In dissolving and rinsing away the darkness is where mental health professionals come into their own. The emotions of our destroyed selves are deep and infinitely painful. They cannot be ordered or controlled, only contained by compassion and acceptance and greeted with unconditional loving regard. The ‘darkness’ is undifferentiated when it first emerges into our awareness – it is frequently ugly, unwanted, rejected and we may attempt to abandon it; unfortunately we abandon ourselves when we do. If we appreciate that this darkness seeks acceptance and understanding, allowing the flow of accompanying emotions full expression in a creative way, we begin a relationship with our inner being that enables us to move past the blockages to soul healing and discover the new gifts hidden within. Remember, our soul is evolving, becoming greater, growing us to be able to embrace our selves in within a new creation. Each involuntary step we took to face Death and the destruction of our lives as we knew them (I have never met anyone who made that journey voluntarily!) is mirrored during our return, where each step we means we are choosing Life.
At this extremely early stage of ‘recovery’, I am reluctant to say more.

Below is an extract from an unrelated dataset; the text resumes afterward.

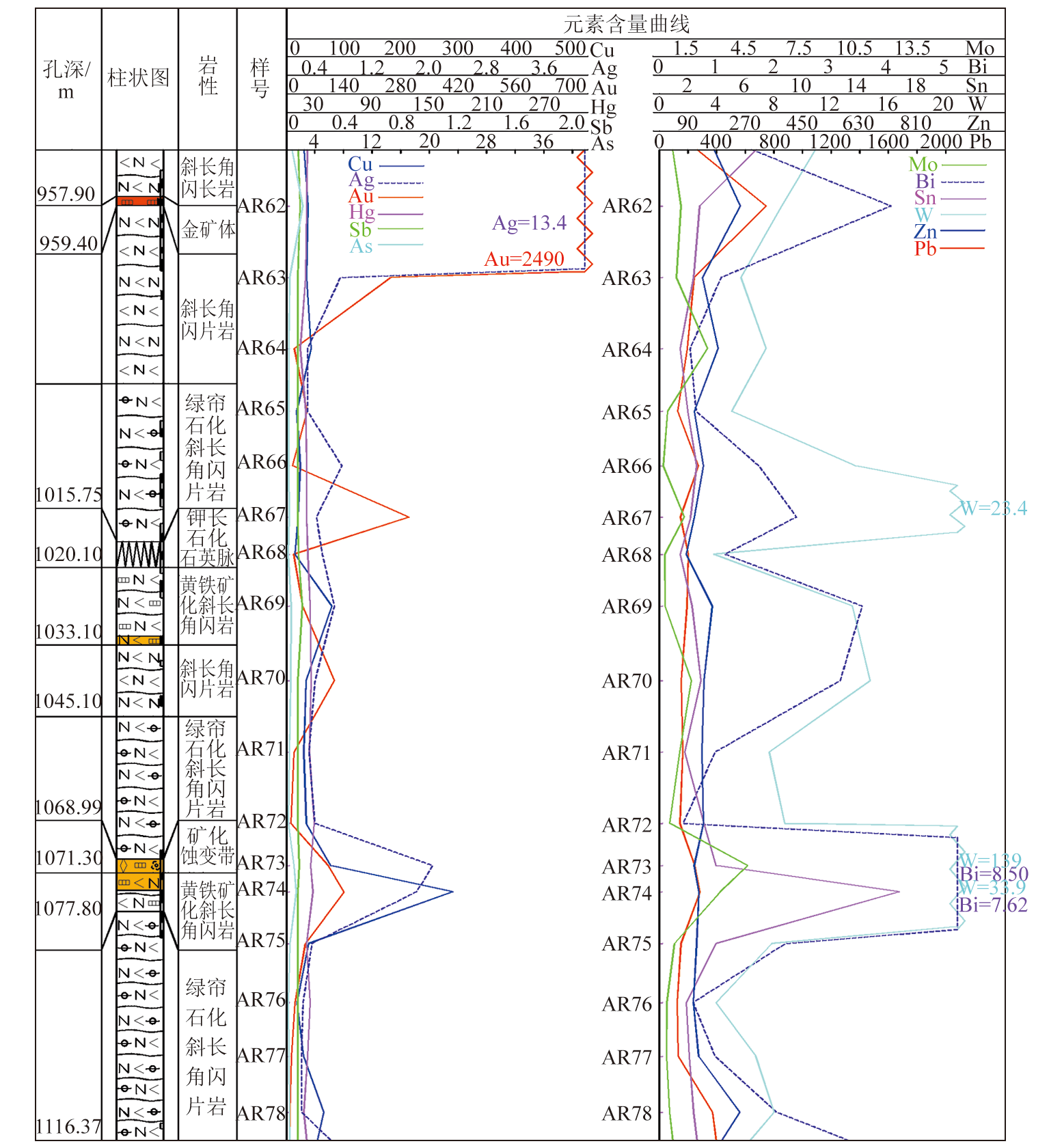 | 图11 钻孔ZKE3042综合柱状图 注:Au、Hg含量单位为10-9,其余元素含量单位为10-6 |

The return journey is not mine this time – this is being undertaken by a whole community. The path cannot be the same. What I am trying to express, though, is that it is a journey that can be understood. There exist ‘maps’ of these soul paths that can provide, at the very least, a guide-rope through the debris of what went before.
I have great faith in the ability of the artists and creators of Gaza because you seem to know this intuitively.